Benchmark show this to be more than twice as fast as the original code from my question - but only under old framework versions (up to 3.5). Starting with version 4.0 the JIT compiler no longer turns unsigned division by constants into multiplication + shift. Division instructions tend to be at least an order of magnitude slower than multiplicatios, and so the code becomes a lot slower than the original code on systems with the newer compiler.

On such systems it is better to go with the flow and use the inefficient - but politically correct - signed integers:

static int v2 (int n)
    var a = ((Int64)n * (n + 1) >> 1) % (M * 3L);
    var b = 2 * n + 1;

    return (int)((a * b / 3) % M);

Here are the benchmarks for 1000000 calls on my aging Haswell laptop for framework version 2.0:

IntPtr.Size = 8, Environment.Version = 2.0.50727.8009
bench 1000000:    8,407 v0    3,413 v1    4,653 v2
bench 1000000:    8,017 v0    3,179 v1    5,038 v2
bench 1000000:    8,641 v0    3,114 v1    4,801 v2

Times are in milliseconds, and v0 stands for the original code from my question. It is easy to see how the overhead of signed semantics makes v2 measurably slower than v1 which uses unsigned arithmetic internally.

Environment.Version and timings are exactly the same for framework versions up to 3.5, so I guess they are all using the same environment/compiler.

And now the timings for Microsoft's new and ‘improved’ compilers that come with framework 4.0 and newer:

IntPtr.Size = 8, Environment.Version = 4.0.30319.42000
bench 1000000:    9,518 v0   20,479 v1    5,687 v2
bench 1000000:    9,225 v0   20,251 v1    5,540 v2
bench 1000000:    9,133 v0   20,333 v1    5,389 v2

Environment.Version and timings are exactly the same for framework versions 4.0 through 4.6.1.

POST SCRIPTUM - using the modular multiplicative inverse

An alternative solution would be to use the modular multiplicative inverse of the divisor. In the present case this works because the final product is known to be evenly divisible by the divisor (i.e. 3); if it weren't then the result would be wildly inaccurate. Example (333333336 being the multiplicative inverse of 3 modulo 1000000007):

7 * 333333336 % 1000000007 = 333333338  // 7 mod 3 != 0
8 * 333333336 % 1000000007 = 666666674  // 8 mod 3 != 0
9 * 333333336 % 1000000007 =         1  // 9 mod 3 == 0     

The raison d'etre for this topic was that integer division is potentially lossy since it drops the remainder, if any, and so the result of the pyramidal square calculation would be wrong if the wrong factor were divided by 3.

Modular division - i.e. multiplication with the multiplicative inverse - is not lossy, and so it doesn't matter which factor is multiplied with the inverse.
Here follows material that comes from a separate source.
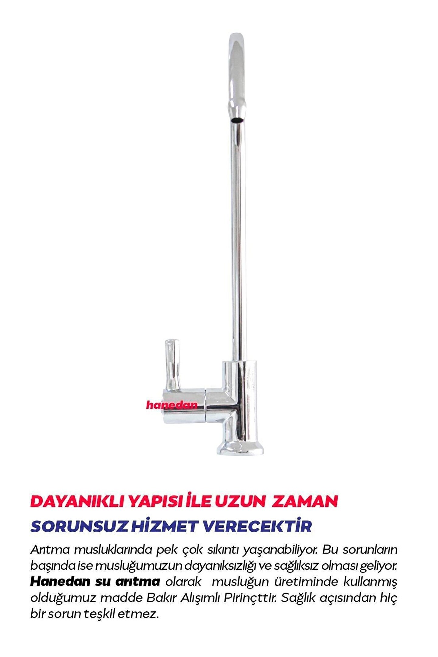 ÖNEMLİ BİLGİLENDİRME Merhabalar Hoş geldiniz arıtma musluğu almadan önce siz kullanıcıları biraz bilgilendirmek istiyoruz.; ; Son zamanlarda satıcıların biz üreticilere fiyat konusunda yetişmeleri için daha ucuz ve sağlığa zararlı malzemelerle üretilmiş muslukları tercih ettiklerini fark ettik lütfen bu tarz satıcılara itibar etmeyiniz.; ; Musluk satın alırken dikkat etmeniz gereken bazı hususlar var onlara değinmek istiyoruz.; ; • Hammaddesi “ zamak ” olan musluklar sağlığa zararlıdır.; ; Hammeddesi Bakır Alaşımlı Pirinç ve Sarı olan muslukları tercih ediniz.; ; • Su geçen yerlerin metal olmamasına dikkat etmelisiniz.; ; • Piyasada Çevir - Aç modelleri var (yıldız model) lüks musluk adı altında satılıyor.; ; Çevir aç modeller zamanla yıpranıp su sızdırma olasılığı çok yüksek modellerdir.; ; MUSLUK ALIRKEN NELERE DİKKAT ETMELİYİZ ? SIZDIRMAZ OLMASINA Belkide batarya ve muslukların zaman içerisinde bizi en çok kızdıran durumlarından birisi su sızdırmasıdır.; ; Hanedan olarak sızdırma oranlarını sıfıra indirerek %100 garanti ile Lüks Musluğumuzu gönül rahatlıyığla kullanabilirsiniz.; ; DAYANIKLI OLMASINA Zaman içerisinde aşınmaması için ürünün belirli kalite standartlarında olması gerekmektedir.; ; En belirgin standart ise ürünün hammaddesidir.; ; Hanedan Musluğumuzun üretiminde kullanılan hammadde en sağlıkı olan Bakır Alışımlı Pirinçtir.; ; HİJYENİK OLMASINA İçinden geçen suyun herhangi bir metal ile temas etmemesini sağlar ve musluk iç gövdesinde bakteri üremesini önler.; ; ; Birden fazla satıcı tarafından satışa sunulan ürünlerin satıcıları ürün için belirledikleri fiyata, satıcı puanlarına, teslimat statülerine, ürünlerdeki promosyonlara, kargonun bedava olup olmamasına ve ürünlerin ile teslim edilip edilememesine, ürünlerin stok ve kategorileri bilgilerine göre sıralanmaktadır.;

This can readily be seen in the example just shown, where the outlandish residues for 1 and 2 effectively encode the fractional remainder, and adding them - which corresponds to computing 7/3 + 8/3 - gives 1000000012 which equals 5 mod 1000000007 just as expected.

Hence the crux of the matter is that the final product be evenly divisible by the divisor but it doesn't matter when and where the ‘division’ (multiplication with the inverse) occurs. The resulting code is slightly less efficient than v1 and roughly on par with v2 because it requires an additional reduction modulo M after the multiplication with the inverse. However, I'm showing it anyway because the approach could come in handy on occasion:

static int v3 (int n)
    var a = n * (n + 1L) % M;
    var b = (2 * n + 1L) * 166666668 % M;

    return (int)(a * b % M);

Note: I dropped the right shift and incorporated the divisor 2 into the inverse, since the separate division by 2 no longer serves any purpose here. The timings are the same as for v2.